* [Task goal] Copy the records below exactly, starting at the line that contains "この内発的なモチベーションに" and ending at the line that contains "Κρεμαστά τετράγωνα μικρά"; leave out any pictures.

* [Provided records]
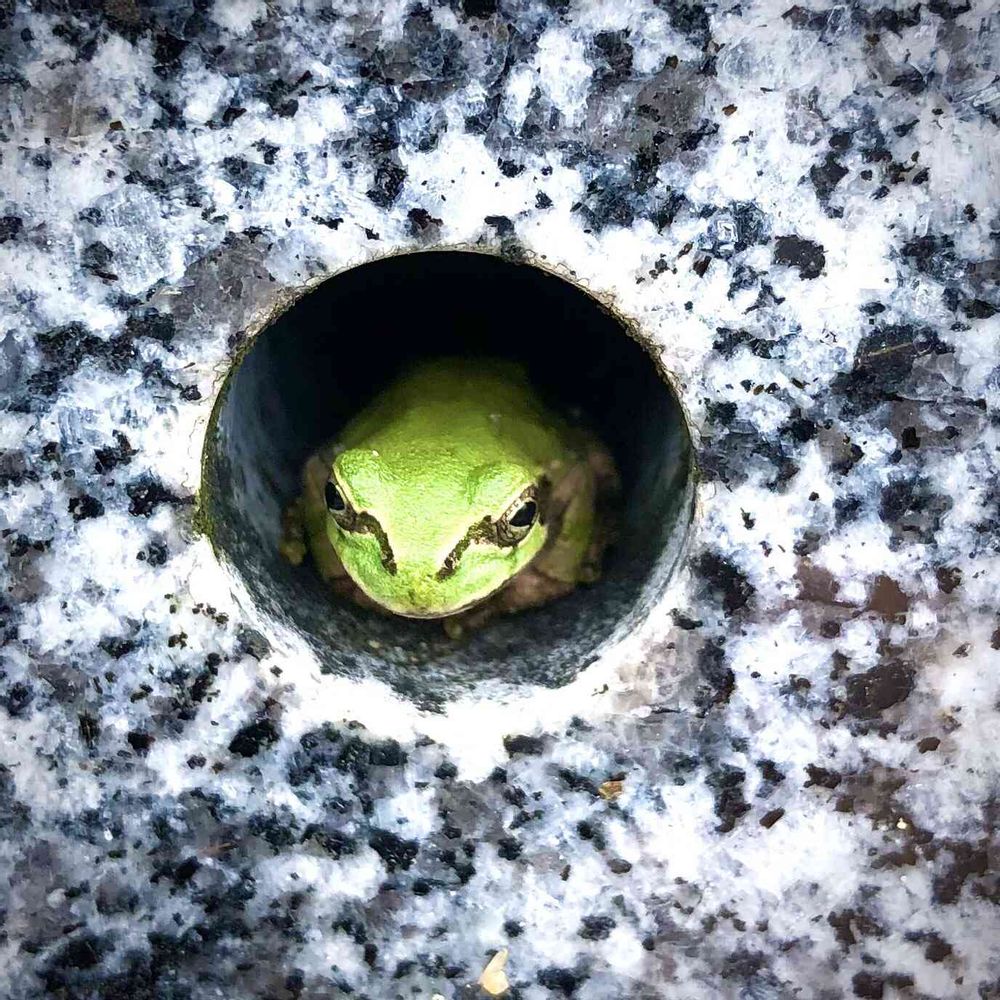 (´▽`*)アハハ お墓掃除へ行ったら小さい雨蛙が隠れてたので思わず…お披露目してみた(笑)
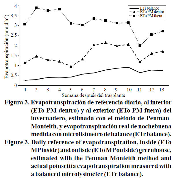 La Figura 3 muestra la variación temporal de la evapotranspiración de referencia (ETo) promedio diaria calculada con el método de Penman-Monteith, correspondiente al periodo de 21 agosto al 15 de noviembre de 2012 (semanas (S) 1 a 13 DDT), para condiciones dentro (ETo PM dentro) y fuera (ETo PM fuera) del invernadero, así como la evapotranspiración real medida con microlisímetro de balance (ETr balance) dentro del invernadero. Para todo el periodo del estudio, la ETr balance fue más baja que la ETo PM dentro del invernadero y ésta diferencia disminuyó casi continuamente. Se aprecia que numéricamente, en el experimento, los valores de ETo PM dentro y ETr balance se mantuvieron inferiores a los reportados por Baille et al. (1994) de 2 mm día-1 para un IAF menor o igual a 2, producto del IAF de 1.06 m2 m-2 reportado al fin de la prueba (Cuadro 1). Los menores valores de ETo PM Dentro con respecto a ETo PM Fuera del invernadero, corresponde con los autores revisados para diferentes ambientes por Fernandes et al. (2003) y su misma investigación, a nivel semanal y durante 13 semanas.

==

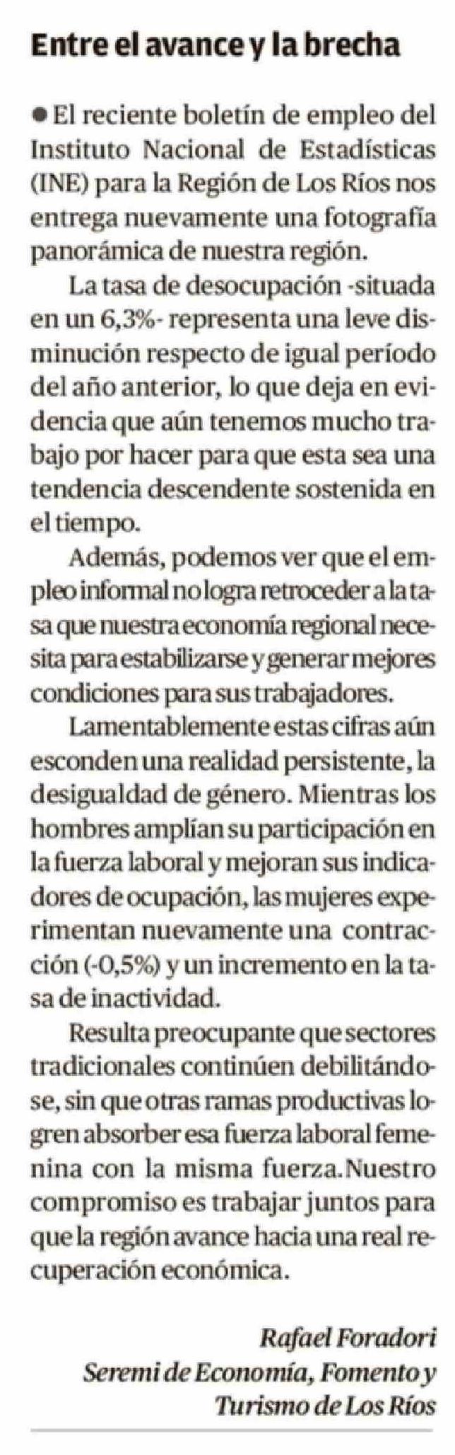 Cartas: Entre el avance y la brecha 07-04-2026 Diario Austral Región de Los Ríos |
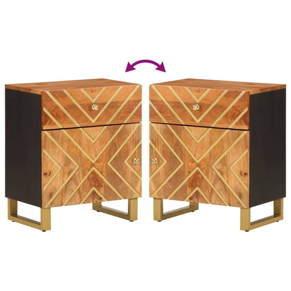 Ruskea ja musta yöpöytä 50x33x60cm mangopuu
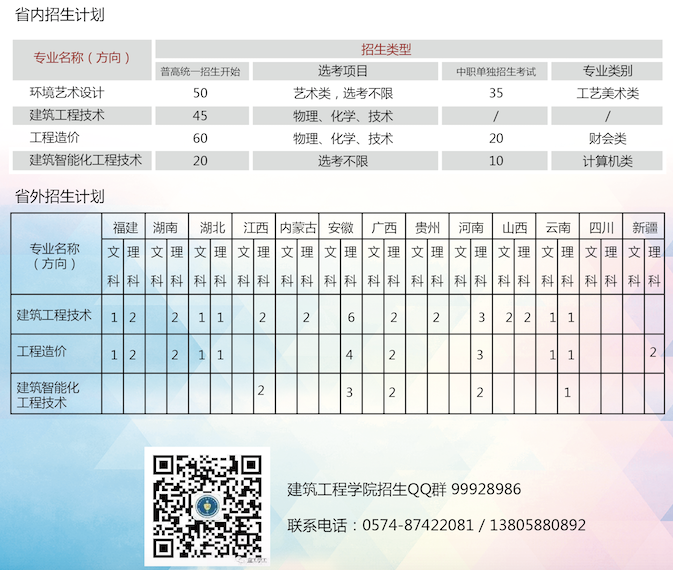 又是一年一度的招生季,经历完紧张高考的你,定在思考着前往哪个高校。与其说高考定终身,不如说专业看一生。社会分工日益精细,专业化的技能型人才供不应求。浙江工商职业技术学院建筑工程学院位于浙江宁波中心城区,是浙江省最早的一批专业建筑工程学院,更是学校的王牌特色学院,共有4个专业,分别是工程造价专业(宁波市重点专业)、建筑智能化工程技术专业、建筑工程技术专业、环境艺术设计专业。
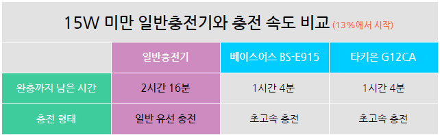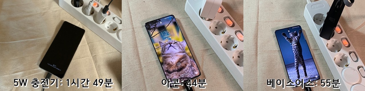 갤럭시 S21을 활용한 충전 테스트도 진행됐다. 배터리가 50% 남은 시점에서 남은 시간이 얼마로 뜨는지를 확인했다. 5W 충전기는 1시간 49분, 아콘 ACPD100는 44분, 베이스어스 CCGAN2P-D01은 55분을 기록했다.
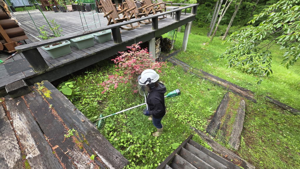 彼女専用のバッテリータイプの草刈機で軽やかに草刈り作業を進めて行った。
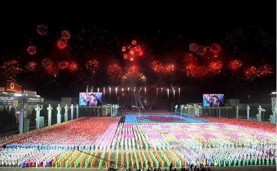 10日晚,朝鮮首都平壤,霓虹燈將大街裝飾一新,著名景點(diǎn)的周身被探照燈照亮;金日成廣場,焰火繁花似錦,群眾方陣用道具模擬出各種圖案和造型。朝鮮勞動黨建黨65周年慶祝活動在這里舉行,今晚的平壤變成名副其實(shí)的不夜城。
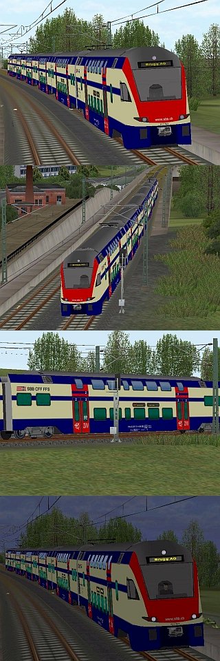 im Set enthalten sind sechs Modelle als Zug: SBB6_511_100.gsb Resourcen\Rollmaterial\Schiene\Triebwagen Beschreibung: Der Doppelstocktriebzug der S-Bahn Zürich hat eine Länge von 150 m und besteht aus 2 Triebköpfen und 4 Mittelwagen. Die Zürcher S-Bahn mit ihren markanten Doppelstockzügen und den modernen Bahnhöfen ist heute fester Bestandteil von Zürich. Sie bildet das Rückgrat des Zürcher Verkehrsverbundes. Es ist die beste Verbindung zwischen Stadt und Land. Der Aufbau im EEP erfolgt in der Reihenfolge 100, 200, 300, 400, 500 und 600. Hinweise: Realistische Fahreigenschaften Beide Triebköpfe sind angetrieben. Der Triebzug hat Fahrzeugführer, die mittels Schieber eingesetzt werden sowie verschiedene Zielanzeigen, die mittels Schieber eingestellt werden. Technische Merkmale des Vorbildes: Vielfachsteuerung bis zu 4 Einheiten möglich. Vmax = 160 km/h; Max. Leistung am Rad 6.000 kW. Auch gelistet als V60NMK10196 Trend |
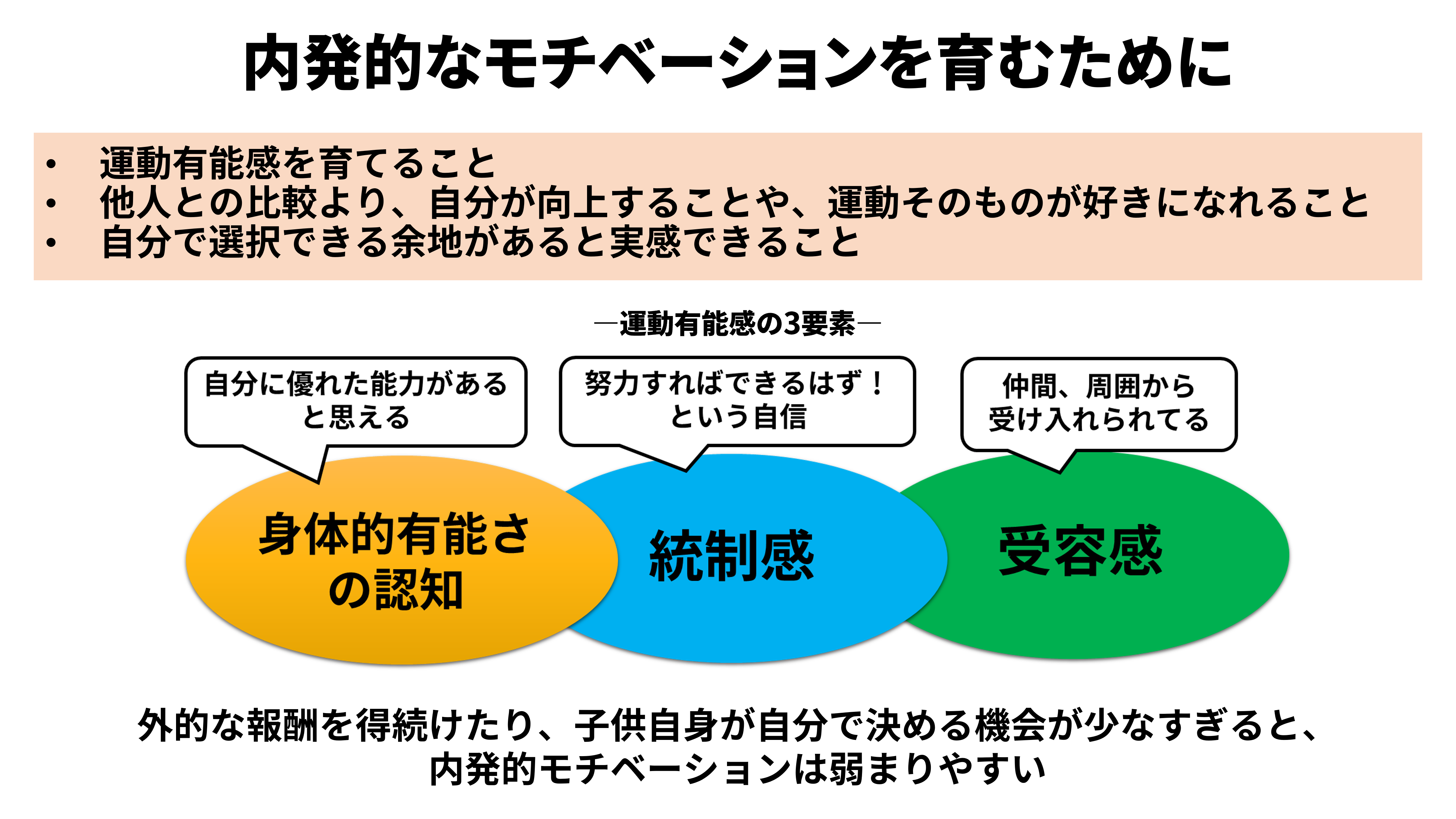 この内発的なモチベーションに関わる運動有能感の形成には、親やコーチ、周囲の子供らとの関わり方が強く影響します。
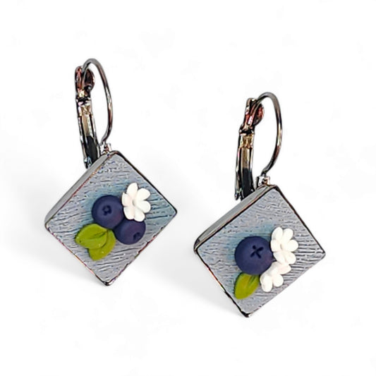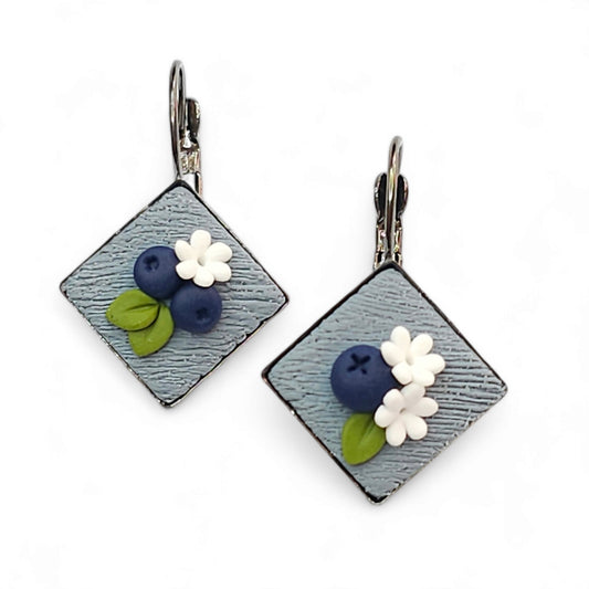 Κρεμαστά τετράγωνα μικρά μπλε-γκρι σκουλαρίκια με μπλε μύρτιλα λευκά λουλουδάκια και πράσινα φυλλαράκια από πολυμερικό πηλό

* * *

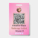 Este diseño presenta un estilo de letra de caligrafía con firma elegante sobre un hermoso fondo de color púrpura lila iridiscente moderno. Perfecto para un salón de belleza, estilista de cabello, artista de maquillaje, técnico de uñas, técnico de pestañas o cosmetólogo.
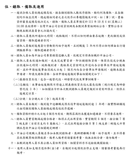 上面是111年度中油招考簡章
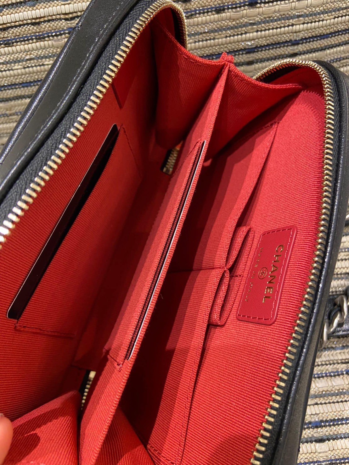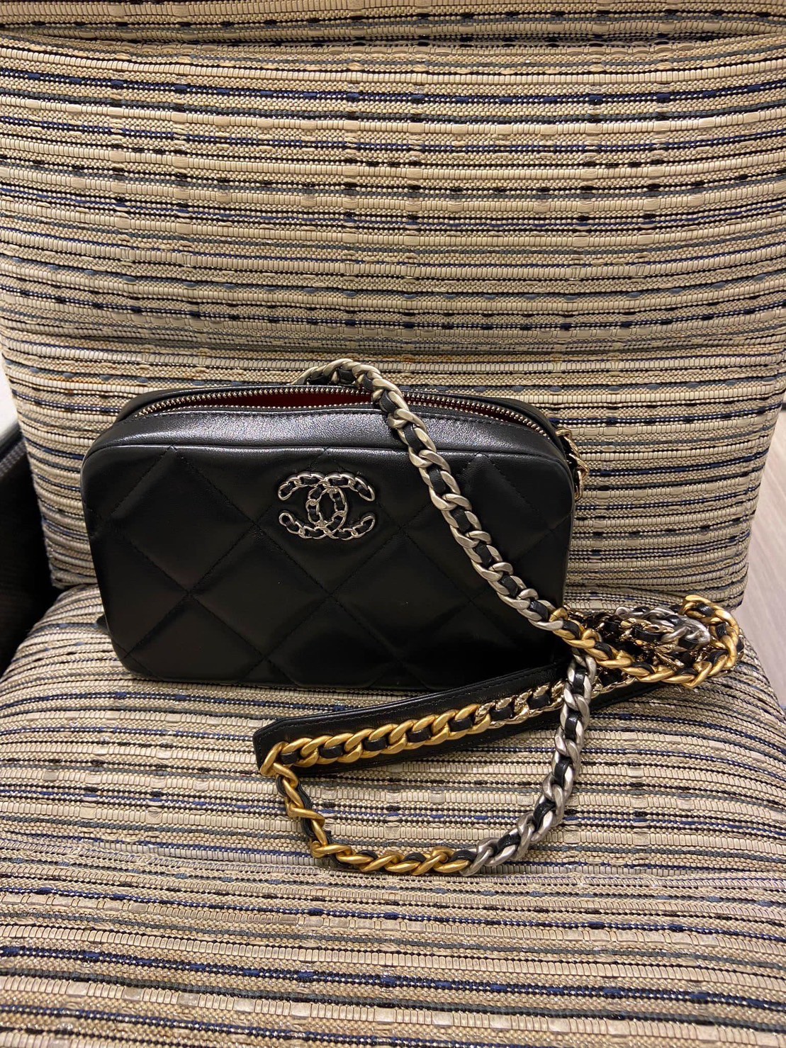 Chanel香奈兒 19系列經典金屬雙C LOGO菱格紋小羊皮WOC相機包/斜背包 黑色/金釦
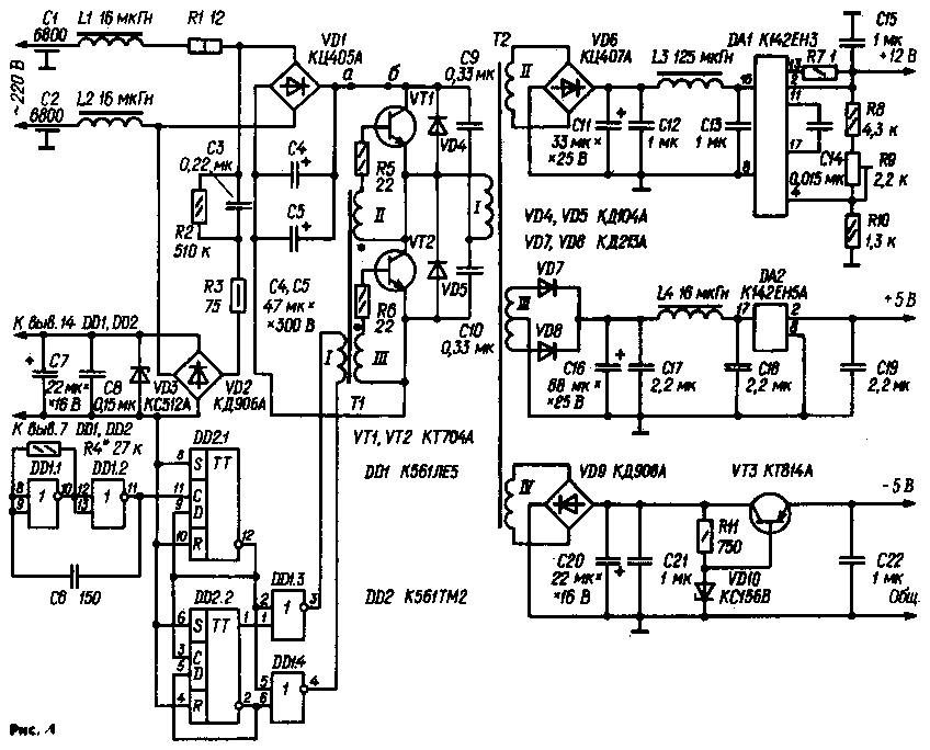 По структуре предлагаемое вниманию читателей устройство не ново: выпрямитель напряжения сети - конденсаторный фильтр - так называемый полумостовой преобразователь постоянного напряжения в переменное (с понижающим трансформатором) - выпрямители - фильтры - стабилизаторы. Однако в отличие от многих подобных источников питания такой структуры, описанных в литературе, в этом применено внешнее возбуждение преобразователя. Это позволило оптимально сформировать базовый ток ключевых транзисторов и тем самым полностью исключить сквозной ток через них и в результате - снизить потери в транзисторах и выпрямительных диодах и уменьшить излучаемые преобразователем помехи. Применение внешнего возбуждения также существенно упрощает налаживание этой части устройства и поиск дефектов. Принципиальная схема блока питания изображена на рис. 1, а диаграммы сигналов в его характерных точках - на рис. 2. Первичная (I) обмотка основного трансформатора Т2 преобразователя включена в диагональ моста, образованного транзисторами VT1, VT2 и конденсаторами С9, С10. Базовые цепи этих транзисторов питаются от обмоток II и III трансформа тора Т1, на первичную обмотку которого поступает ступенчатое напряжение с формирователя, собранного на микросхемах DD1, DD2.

* [The completed task]
 この内発的なモチベーションに関わる運動有能感の形成には、親やコーチ、周囲の子供らとの関わり方が強く影響します。
 Κρεμαστά τετράγωνα μικρά μπλε-γκρι σκουλαρίκια με μπλε μύρτιλα λευκά λουλουδάκια και πράσινα φυλλαράκια από πολυμερικό πηλό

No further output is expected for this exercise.